У нее уголки губ приподнялись, она радостно вдохнула сухой чистый воздух и первой пошла с холма, пробивая дорогу в снегу. Чем дальше, тем снегу становилось больше, но она все шла и шла: в ее теплые сапоги с затянутыми голенищами снег не попадал. Она остановилась неожиданно, подождала Клепанова.
— Георгий Юрьевич, здесь будет много народу. Нужно продумать вопросы питания, снабжения, жилья. Стройка есть стройка, сложностей не избежать. А теперь идемте вперед, лыжи надо было захватить.
Новый председатель «Зеленой Поляны», нервный, мнительный городской человек по фамилии Тахинин Анатолий Ефимович, каждое утро строчит приказы и штрафует баб за опоздание на работу. Те отмахиваются:
— Пусть тешится, все одно получать на трудодень нечего.
У Дербачева серое, как у чахоточного, лицо. Хорошо ему только с соседским мальчонкой — трехлетним Ваней. Оставшись без работы, тетя Глаша взялась нянчить сынишку соседки, та работала в больнице и часто дежурила по ночам. Иногда Дербачев укладывал мальчика спать.

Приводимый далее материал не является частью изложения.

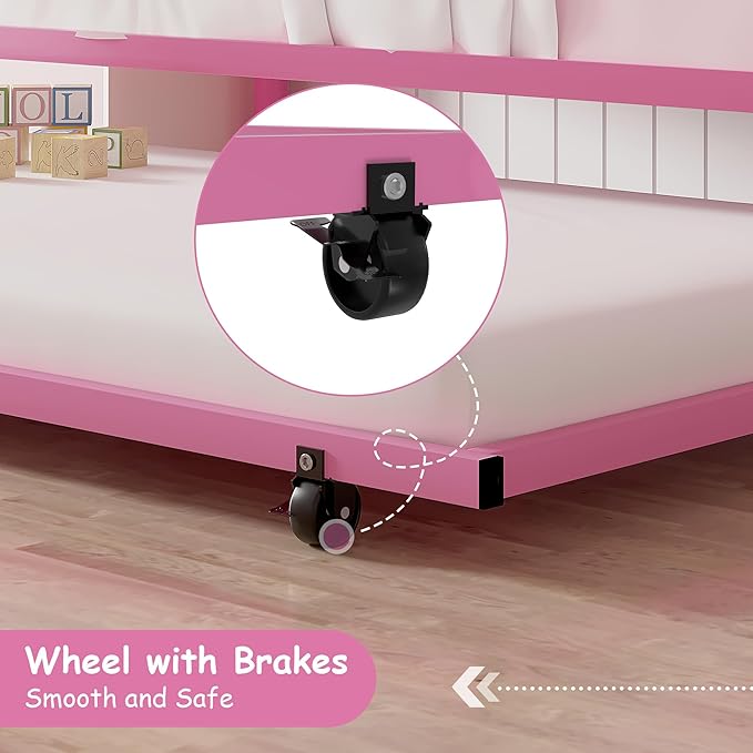 VECELO Twin Over Twin Bunk Bed with Trundle, Convertible Metal Bunkbeds with 2 Ladders and Guardrails, Space Saving, No Box Spring, Pink

Тот сразу же взял командный тон. Он бесцеремонно забирался к Дербачеву в кровать и требовал:
— Давай играть!
— Хорошо. А как?
— Ты будешь Волк, а я — Красная Шапочка.
— Ишь ты. Тогда я тебя уже съел.
— Съел? А где я теперь?
— Тебя больше нету, Ваня.
— Нету? А кто рядом с тобой лежит?
— Это не ты. Другой мальчик — Андрюша.
— Дядя Коля, я не хочу. Пусть Андрюша не лежит с тобой. Я хочу лежать.
— Тебя ведь нету, Ваня, я тебя съел?
— А ты меня выплюнь скорей!
Ночами Дербачев почти не спал, и тетя Глаша, встававшая по своим делам перед самым рассветом, видела из-под двери его комнаты выбивавшийся свет и недовольно гремела посудой. И чего, спросить, изводит себя? Радовался бы, что не трогают больше, в покое оставили. Так нет, все неймется. Все пишет, пишет...
По последнему снегу нужно вывезти в поле навоз, нужно поторапливаться, весна не ждет, а одна из пожилых баб, на диво всему селу, родила от безногого мужа, колхозного шорника, тройню.
— Где тонко, там и рвется,— удрученно чесал в голове шорник, когда узнал, и с горя напился в стельку.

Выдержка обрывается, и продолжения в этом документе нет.